Apple, Google, and others to Notify Users of Secret Data Demand

by Istvan Fekete on May 2, 2014

Apple, Microsoft, Facebook, and Google have decided to end the practice of quietly complying with investigators’ demands for email records and other online data. The companies believe that users have the right to know in advance when their information is targeted for government seizure, reports the Washington Post.

The aforementioned companies are in the process of updating their policies to expand routine notifications to users about government data seizures, unless such notification specifically prohibited by a judge or other legal authority. Apple, Microsoft, Facebook, and Google are following a similar move made by Yahoo July.

This industry stand offers the opportunity to the tens of thousands of American users whose Internet data gets swept into criminal investigations to defend their online privacy in court. On the other hand, prosecutors warn that by doing so, tech companies undermine cases by giving criminals time to destroy vital evidence before it can be gathered.

“It serves to chill the unbridled, cost-free collection of data,” said Albert Gidari Jr., a partner at Perkins Coie who represents several technology companies. “And I think that’s a good thing.”

The Justice Department disagrees, saying in a statement that new industry policies threaten investigations and put potential crime victims in greater peril.

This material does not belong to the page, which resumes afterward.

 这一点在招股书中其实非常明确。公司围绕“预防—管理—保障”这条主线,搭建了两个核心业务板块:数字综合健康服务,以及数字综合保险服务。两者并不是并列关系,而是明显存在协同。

“These risks of endangering life, risking destruction of evidence, or allowing suspects to flee or intimidate witnesses are not merely hypothetical, but unfortunately routine,” department spokesman Peter Carr said, citing a case in which early disclosure put at risk a cooperative witness in a case. He declined to offer details because the case was under seal.

The changing policies, however, do not affect data requests approved by the Foreign Intelligence Surveillance Court, which are automatically kept secret by law, or by national security letters, which are administrative subpoenas issued by the FBI in the course of national security investigations.

While the government traditionally notified people directly affected by searches and seizures when they were being investigated (though not immediately, of course), this wasn’t done when conducting surveillance in the digital world: cellular carriers don’t disclose to their customers when investigators collect their data.

Earlier this week we reported that Canada’s interim Privacy Commissioner, Chantal Bernier, had revealed that government agencies demand customer data from telecom companies 1.2 million times per year. And let’s mention that a big chunk of those requests are honored without the need for a warrant.